We'd say, "But they don't have cars." He'd say, "Just get 'em to
chauffeur them... Make sure you get their lunch money."
DeLorenzo:
And that's why we formed a band.
Gano:
Anyway, so I had a lot of friends in the freshman and sophomore and
junior classes, and when they saw the ballot and all the names of
people that they'd never heard of, all these seniors, in every class
they'd say, "Gordon Gano -- oh, that's the dude with the bathrobe!
Let's
all vote for him!" So it was an avalanche.
DeLorenzo:
So you were just
the laughing-stock, and you were made a big fool in front of the whole
student body, and you stand in shame to this day.
Ritchie:
Just goes to show how wrong you can be.
6. The
Sincerest Form of Flattery
Gano: Someone was talking to me earlier
and asked, "Are you getting sick of people always comparing you to ..."
And there was this pause, and I just knew, "Lou Reed, Jonathan Richman"
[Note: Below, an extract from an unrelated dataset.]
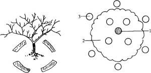 图5-13 条状沟施肥 1.树干 2.树冠 3.条状沟 (4)穴状施肥 即在树冠外围滴水线外,每隔50厘米左右环状挖穴3~5个,直径30厘米左右,深20~30厘米。此法多用于追肥,如施液态氮、磷、钾肥或人粪尿、沼气肥液等,以减少与土壤接触面,免于土壤固定(图5-14)。
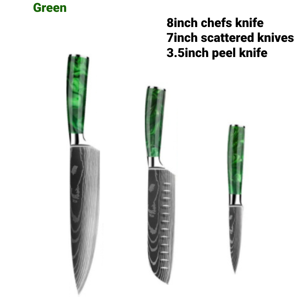 Specifications: 8-inch chef's knife (blue handle, red handle, green handle), 8-inch meat cleaver (blue handle, red handle, green handle, 8-inch noodle knife (blue handle, red handle, green handle, 7.5-inch knife with blue handle, red handle) Green handle, 7-inch small kitchen knife (blue handle, red handle, green handle, 7-inch Santoku knife (blue handle, red handle, green handle, 6-inch boning knife (blue handle, red handle, green handle), 5-inch universal knife (blue handle, red handle) Green handle, 5 inch Santoku knife (blue handle, red handle and green handle, 3.5 inch peel knife

-- and I realized that, yes, I am sick of it. And I haven't been
before. But today I am sick of it. Which is a breakthrough of sorts. So
I guess now I'll start getting hostile. I don't know; I always take it
as a compliment.
Ritchie: I'll tell
you one thing. We're starting to hate those bands. We don't even know
who those bands are. If some- one wants to give us some copies of their
albums for free, we'll listen to them. Until then, we don't want to
comment. We haven't heard them. It's nothing to be proud of. We just
don't want to talk about something we never heard.
Gano: I try to sound
like Steve Wynn. I got early tapes of him a few years back and I've
been trying--
Ritchie: He dreamed
he was born a thousand years ago he was Lou Reed, sailing on a ship.
Gano: I dreamed it, I
didn't wish it.
Ritchie: He dreamed
it, he dreamed he was Lou Reed and--
Gano: And I figured
if I can't be Steve Wynn...
DeLorenzo: See,
actually Brian is leav- ing the band, and Kendra is going to start
playing with us now, because we wanted a more feminine type sound.
Gano: Brian's too
macho.
DeLorenzo: We need a
wimpy femme in the band.
Gano: And Victor's
not quite wimpy enough.
Ritchie: I wanna join
the Blasters and play Jew's harp and nose flute. I'm sick of bass. I
wanna play other instruments for awhile. Besides, it's a lot cheaper.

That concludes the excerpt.